Em 2008, o JC publicou diversas reportagens sobre o projeto do Cemi, onde a prefeitura justificou que os projetos eram diferenciados e, por isso, mais caros para atender a demanda de vagas por creches em Bauru e permitir a implementação de programa pedagógico diferenciado.

Ontem, o JC foi até essas unidades. Os prédios são amplos, com quadras cobertas.

A assessoria da prefeitura apontou que no Jardim Progresso, onde deveria funcionar o Cemi, está a Emef José Francisco Júnior desde dezembro de 2008. Ela atende cerca de 400 alunos em sete turmas em cada turno. Pela manhã, atuam 13 professores para 198 estudantes, Já durante à tarde, são 15 professores e 203 crianças. Ao lado, funciona a Escola Municipal de Educação Infantil Integrada (Emeii) Dalva de Freitas Ferraz Costa, onde estudam 133 crianças em sete turmas com oito professores.

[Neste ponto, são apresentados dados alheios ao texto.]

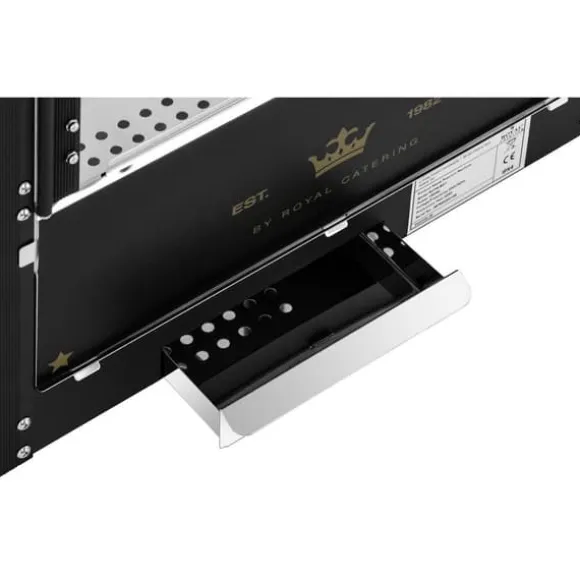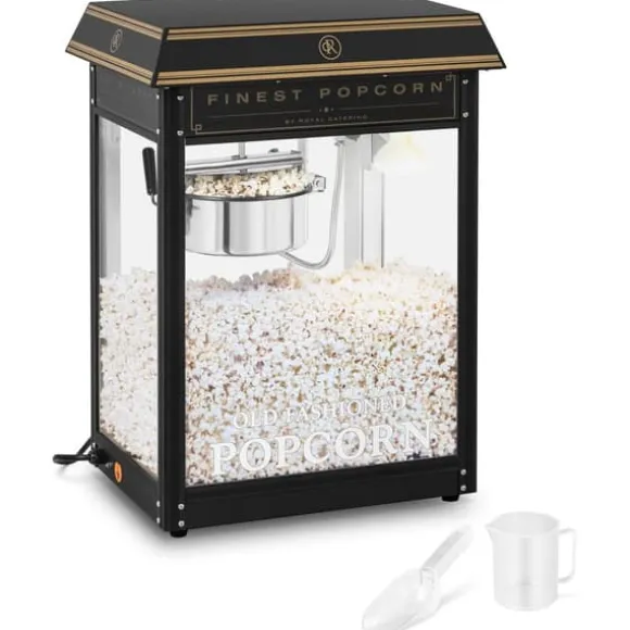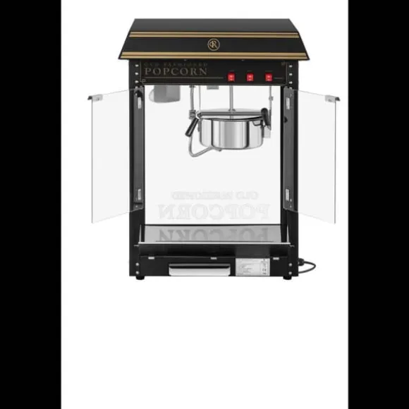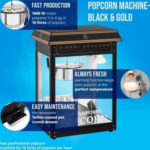 Popcornmaskinen RCPS-BG1 från Royal Catering är speciellt designad för professionella cateringbehov och är ett absolut blickfång. Den imponerar inte bara med sitt tilltalande hölje i svart och guld, utan också med en uppvärmd och upplyst kammare, ett omrörningssystem och en automatisk termostat. Låt dig övertygas av popcornmaskinen RCPS-BG1 och ge dina kunder en extraordinär popcornupplevelse – på bio, på mässor eller festivaler!

Já no Parque Viaduto, a Emef Claudete da Silva Vecchi funciona no prédio construído para receber o ensino integral desde setembro de 2008. No período matutino, são nove turmas com 253 alunos, atendidos por 15 professores. Já durante a tarde, são mais nove turmas totalizando 231 estudantes, com 14 professores. Ao lado funciona a Emeii Gisele Marie Savi de Seixas Pinto, com sete turmas de 119 alunos para oito professores.